What you need to do:
Please repeat, exactly and without pictures, the lines of the entries below that run from the one containing "В данном окне" through the one containing "Store bildet: Vinneren".

Extracted data entries

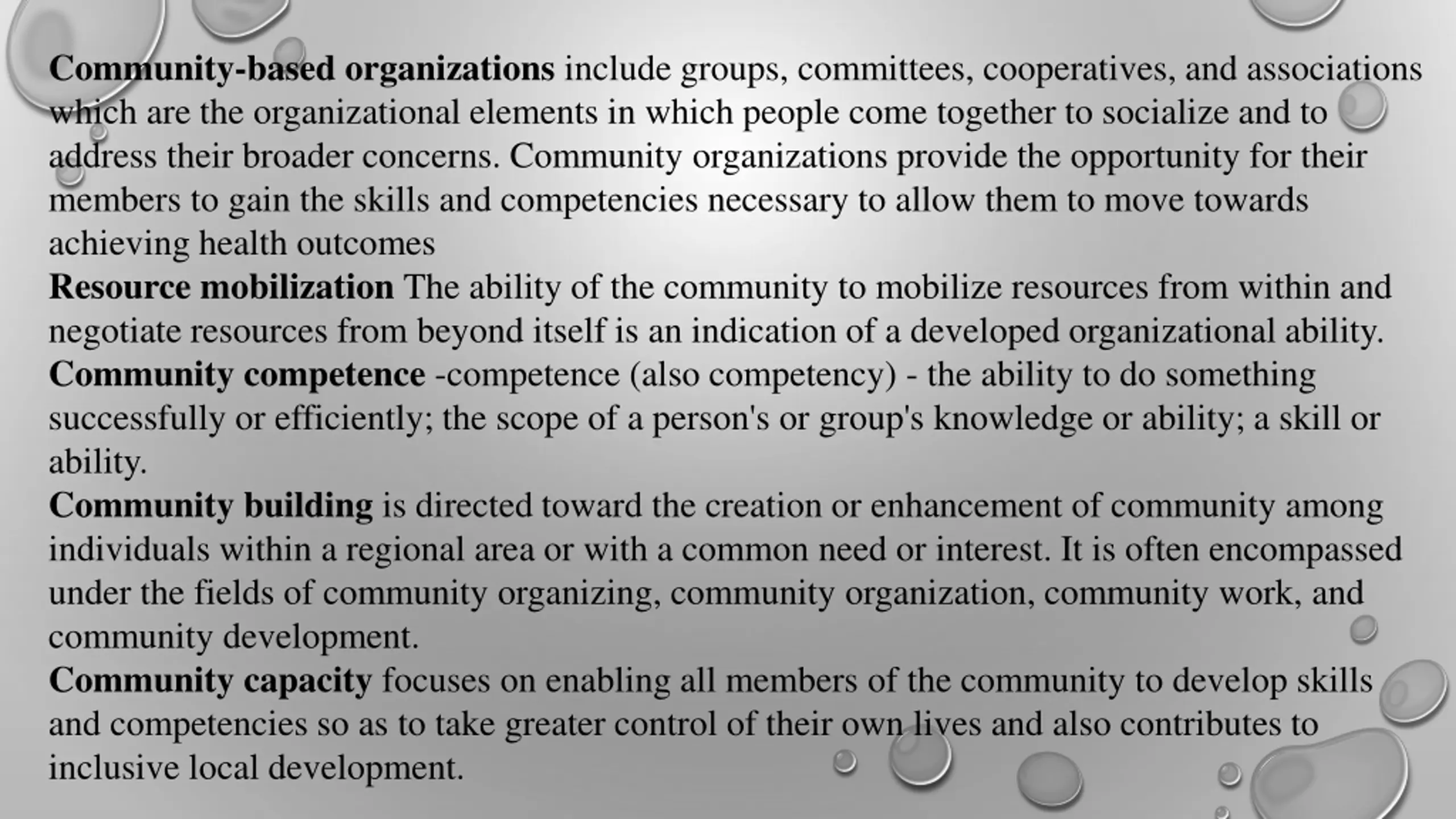 Community-based organizations include groups, committees, cooperatives, and associations which are the organizational elements in which people come together to socialize and to address their broader concerns. Community organizations provide the opportunity for their members to gain the skills and competencies necessary to allow them to move towards achieving health outcomes Resource mobilization The ability of the community to mobilize resources from within and negotiate resources from beyond itself is an indication of a developed organizational ability. Community competence -competence (also competency) - the ability to do something successfully or efficiently; the scope of a person's or group's knowledge or ability; a skill or ability. Community building is directed toward the creation or enhancement of community among individuals within a regional area or with a common need or interest. It is often encompassed under the fields of community organizing, community organization, community work, and community development. Community capacity focuses on enabling all members of the community to develop skills and competencies so as to take greater control of their own lives and also contributes to inclusive local development.
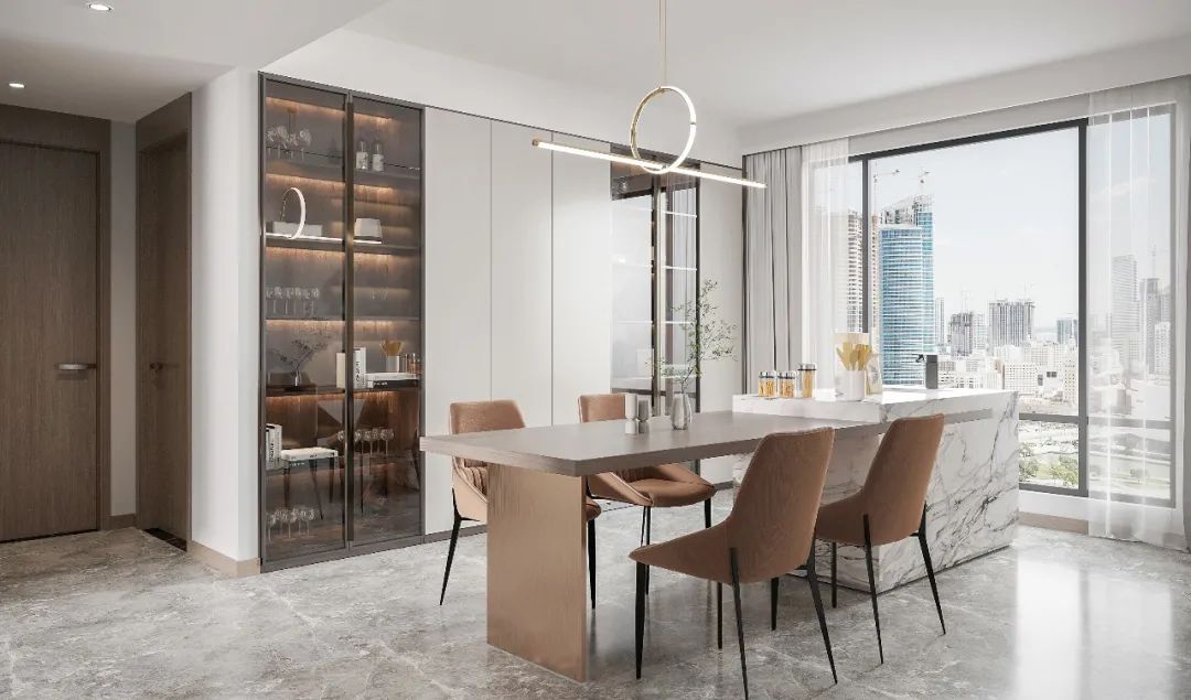餐廳旁定製(zhi)整牆餐邊櫃,茶色玻璃櫃們(men)滿足儲物(wù)+展(zhan)示的(de)需求,可(kě)以(yi)存放一(yi)些紅(hong)酒、杯具(ju),彰顯出鄒女士的(de)不俗品(pin)味,玻璃櫃們(men)也(ye)讓餐廳空間更顯通(tong)透大(da)氣(qi)。
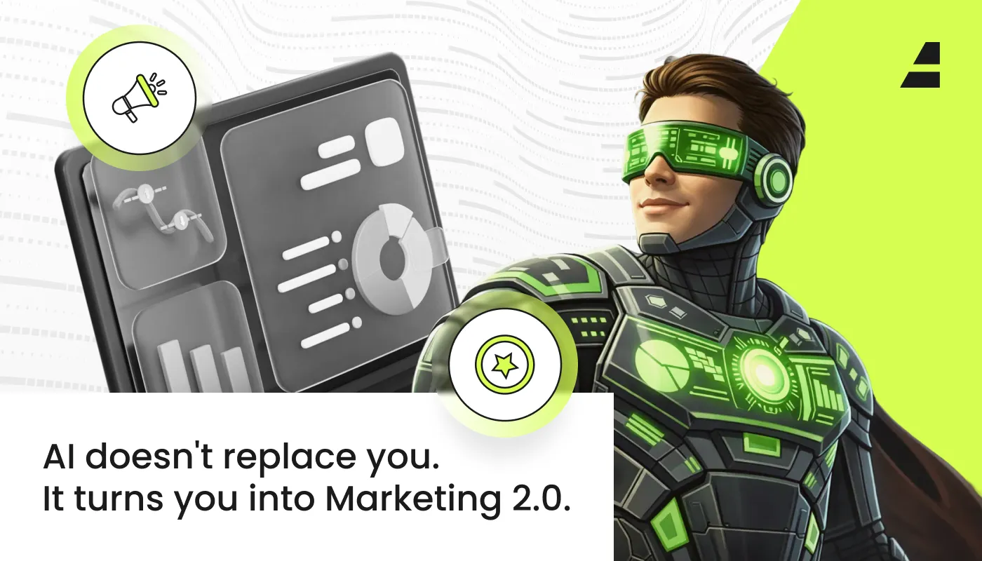 AI doesn't replace you; it turns you into Marketing 2.0. A visual metaphor for the synergy between human strategy and technological augmentation.
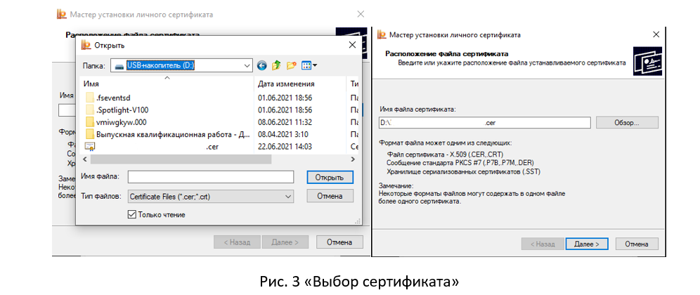 В данном окне необходимо нажать кнопку «Обзор…» и выбрать сертификат, полученный в Удостоверяющем центре (Рис. 3 «Выбор сертификата»).
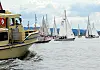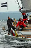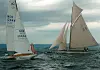 Store bildet: Vinneren av klassen for klassiske treseilere «Triton» ut fra start.
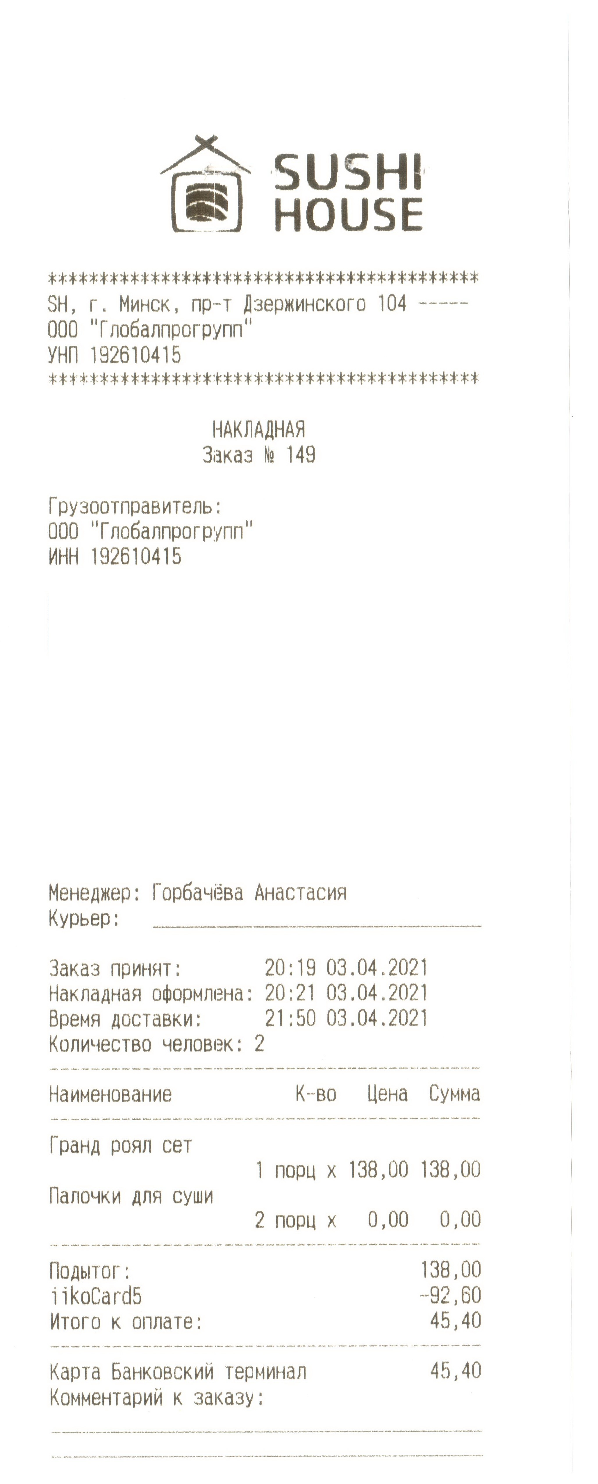 Заказываю у вас уже не в первый раз. Суши очень вкусные, свежие, много начинки. Доставка всегда вовремя. Советую. Спасибо Sushi House
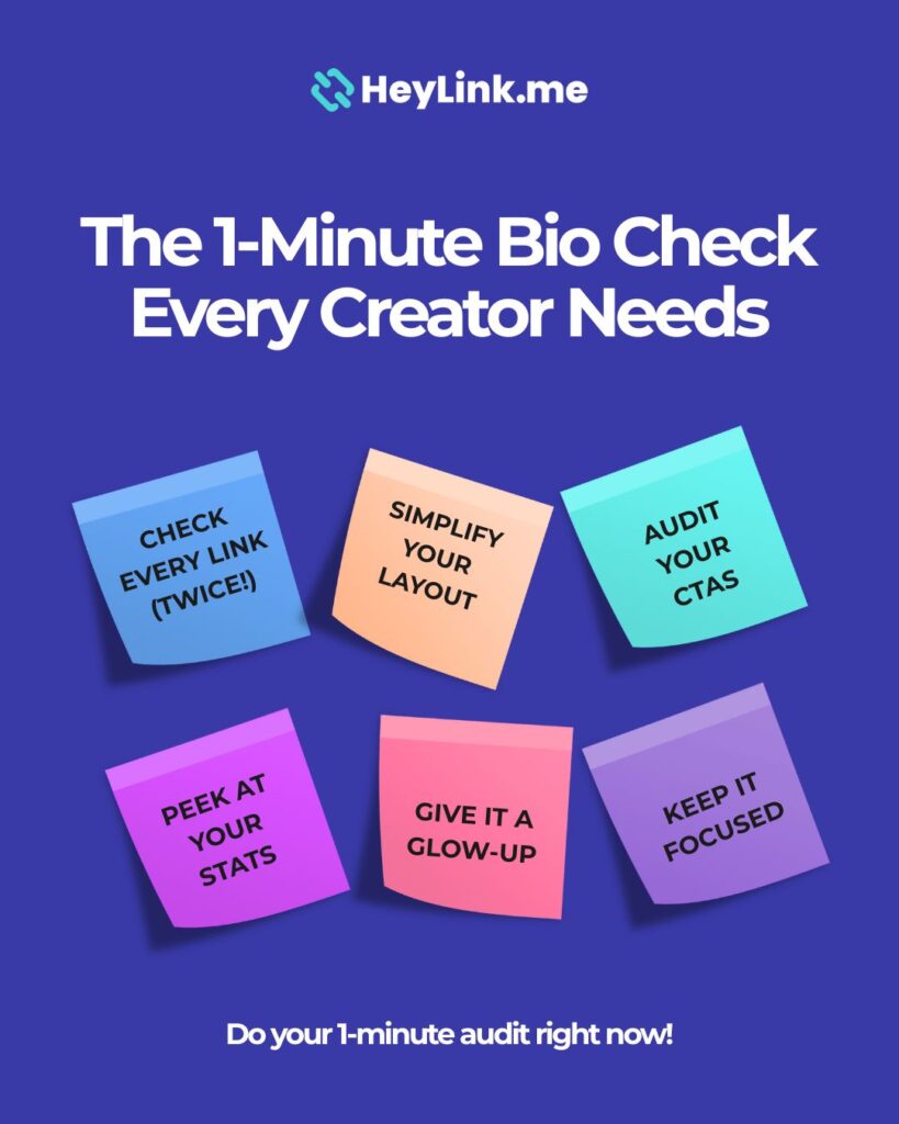 Here’s your 1-minute monthly bio link audit — a quick checklist to keep your page fresh, functional, and converting like a pro.
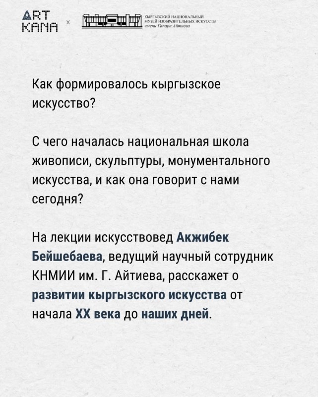 Өнөр таануучу, Г. Айтиев атындагы Кыргыз улуттук көркөм сүрөт искусство музейинин жетектөөчү илимий кызматкери Акжибек Бейшебаева XX кылымдын башынан бүгүнкү күнгө чейинки кыргыз искусствосунун өнүгүү жолу тууралуу лекция окуйт.
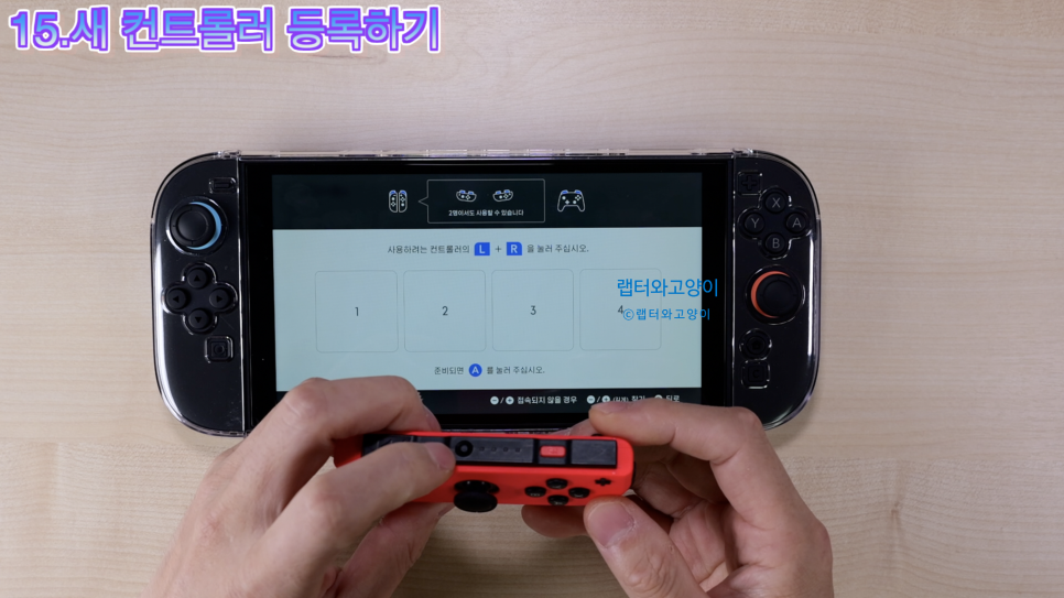 이렇게 연결된 조이콘은 다시 스위치1에 결합하면 자동으로 스위치1에 연결이 됩니다.
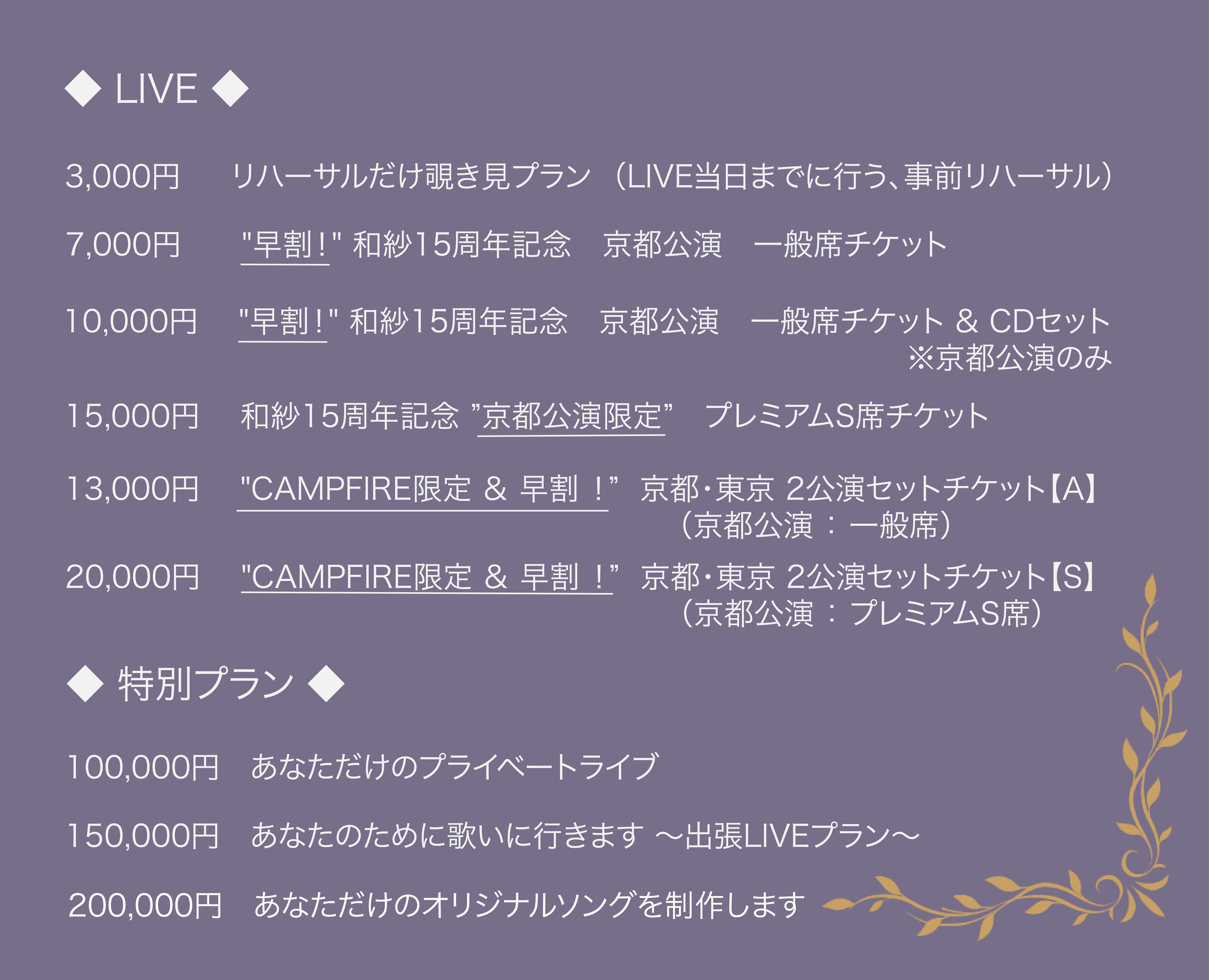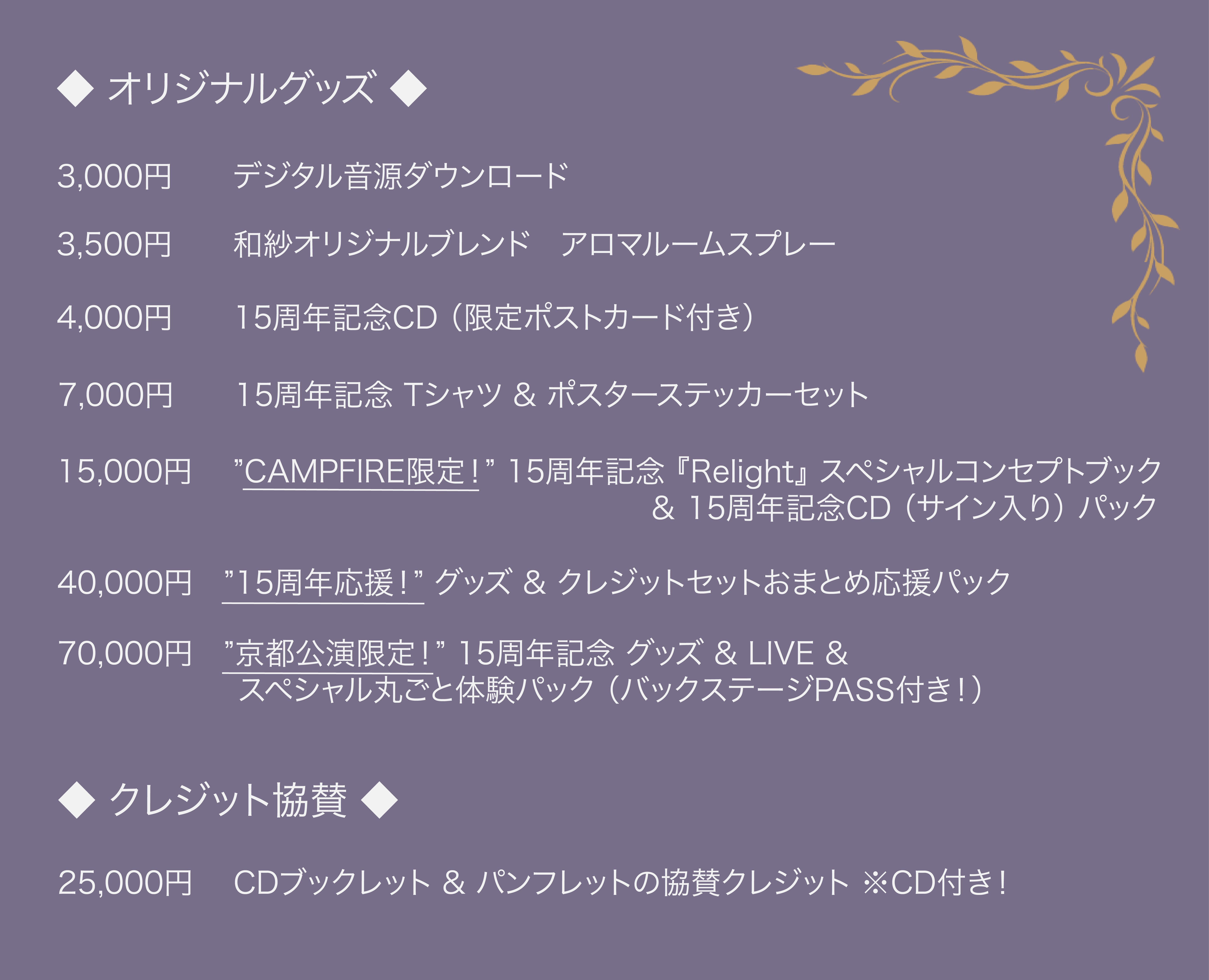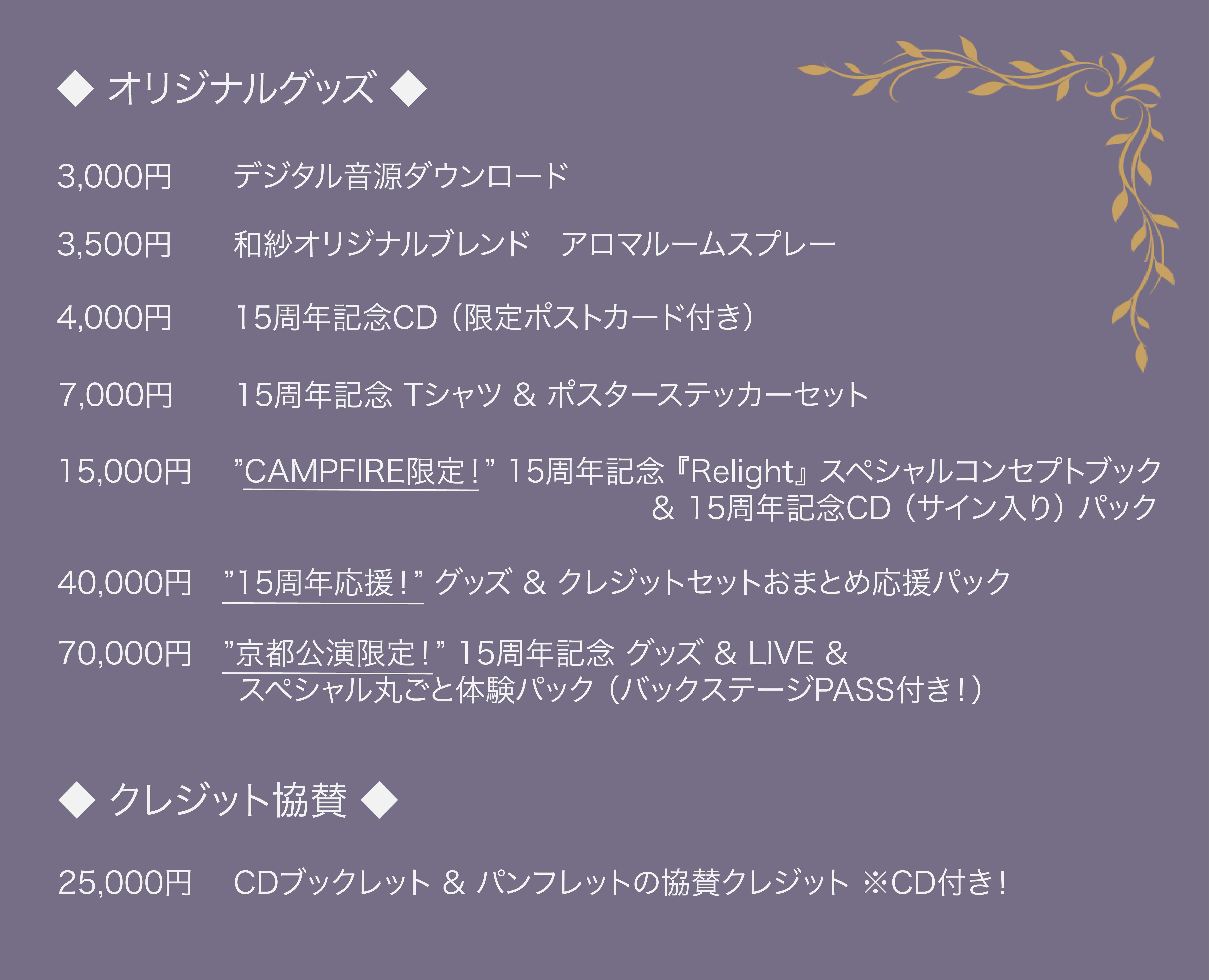 キャンプファイヤー限定販売となる、ライブ写真や未公開イメージ写真などを詰め込んだ『15周年記念特別 コンセプトブック』や、7月発売予定のNew CD『Relight』、記念Tシャツ等のグッズプラン、7月20日開催LIVEの ”プレミアムS席"チケット、LIVEとCDがセットになったお得なセットプラン、ここだけの特別プランもご用意しました!

Response to the exercise:
 В данном окне необходимо нажать кнопку «Обзор…» и выбрать сертификат, полученный в Удостоверяющем центре (Рис. 3 «Выбор сертификата»).
 Store bildet: Vinneren av klassen for klassiske treseilere «Triton» ut fra start.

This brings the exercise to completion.